Herein, Co/CN derived from ZIF-67 was inserted into the interlayer of MXene as an interlayer spacer by a simple ultrasonic method, and an efficient electrochemical CBZ sensor was constructed based on the MXene@Co/NC composite. This strategy not only prevented the accumulation of MXene nanosheets, which effectively promotes electron transport, but also provided a large surface area for the distribution of Co/CN, effectively avoiding their accumulation, enabling the catalytic active site to be fully exposed and have high accessibility. Based on the synergistic effect between MXene and Co/NC, the electrochemical CBZ sensor displayed excellent analytical performance with high sensitivity, splendid stability, and good reproducibility for CBZ detection.

2. Results and Discussion

2.1. Characterization

SEM was applied to verify the micromorphologies of Co/NC, MXene, and MXene@Co/NC. As shown, Co/NC (Figure 1A) displays a polyhedral morphology with a wrinkled surface. The particle size of Co/NC was statistically analyzed via Nano Measurer, in which the minimum particle size is 0.14 μm and the average particle size is 0.57 μm (inset of Figure 1A). MXene presents the representative delaminated structure (Figure 1B). According to the SEM of the MXene@Co/NC composite (Figure 1C), it is clearly seen that a part of the small-size Co/NC particles are well embedded between the fluffy MXene interlayer and some large-size particles are attached to the edge of the MXene. The unique structure could provide a large utilization space, expose more active sites, and ultimately increase catalytic activity. Moreover, the energy-dispersive spectroscopy (EDS) mapping images show that the Co (Figure S1A), N (Figure S1B), and Ti (Figure S1C) elements are uniformly distributed on the MXene@Co/NC surface, indicating the successful combination of Co/NC with Mxene.

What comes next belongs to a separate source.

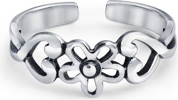 Sterling silver adds a fine finish to a heart and flower detailed toe ring, ready for warm-weather styling.

The crystallographic structure of Co/NC, MXene, and MXene@Co/NC were proved by XRD analysis (Figure 2A). In the diffract gram of MXene, the diffraction peaks positioned at 9.1°, 18.4°, 28.0°, and 60.8° match the (002), (006), (008), and (110) planes of MXene. For the Co/NC, the diffraction peaks at 44.3°, 51.6°, and 76.0° match the (111), (200), and (220) crystal planes of the Co particle, which are consistent with previous reports [30]. The XRD pattern of MXene@Co/NC simultaneously presents the typical peaks of Co/NC and primary characteristic peaks of MXene, confirming that the MXene@Co/NC nanohybrid was successfully constructed. Furthermore, compared with the MXene@Co/NC, the diffraction peak of the MXene@Co/NC after detection has no obvious change, which means that the crystal structure of the MXene@Co/NC after the sensing process remains stable.

Figure S2A reveals the N₂ adsorption/desorption isotherms of the MXene@Co/NC at 77 k. It displays that the specific surface area of MXene@Co/NC is 239.5 m² g⁻¹ and there is a typical type I curve, indicating the presence of numerous micropores [31].

XPS was employed to investigate the elemental composition and chemical state analysis of the MXene@Co/NC composite. As shown in Figure 2B, the XPS survey spectra of MXene@Co/NC manifest that the composite contains C, N, Ti, O, F, and Co elements. According to the C 1s high-resolution spectrum (Figure 2C), four peaks are positioned at 284.51 eV, 285.00 eV, 286.00 eV, and 288.71 eV, which are indexed in C-C, C-O, C-N, and O=C, respectively. The XPS spectra of the Ti 2p peak (Figure 2D) consist of three pairs of spin orbital peaks, including Ti-C 2p_3/2/Ti-C 2p_1/2 (455.79 eV/461.22 eV), O-Ti-C 2p_3/2/O-Ti-C 2p_1/2 (458.80 eV/462.64 eV), and Ti-O 2p_3/2/Ti-O 2p_1/2 (459.50 eV/465.09 eV). In the Co 2p high-resolution section (Figure 2E), two pairs of strong peaks located at 781.88 eV/798.03 eV and 783.50 eV /799.84 eV can well match Co³⁺ 2p^3/2/Co³⁺ 2p^1/2 and Co²⁺ 2p_3/2/Co²⁺ 2p_1/2 [32]. Meanwhile, there are two satellite peaks located at 787.65 and 804.73 eV. The high-resolution spectra of N 1s (Figure 2F) is a deconvolution of three parts, including pyridine N (398.87 eV), pyridine N (400.03 eV), and graphite N (401.26 eV) [33].

2.2. EIS Characterization

Electrochemical impedance spectroscopy (EIS) was employed to research the surface impedance of the modified electrode. The Nyquist curves of bare GCE (a), MXene/GCE (b), Co/NC/GCE (c), and MXene@Co/NC/GCE (d) are exhibited in Figure 3. Impedance data are simulated using associated equivalent circuits, which involves the constant phase element (CPE), active electrolyte resistance (Rs), Warburg impedance (Zw), and charge transfer resistance (Rct).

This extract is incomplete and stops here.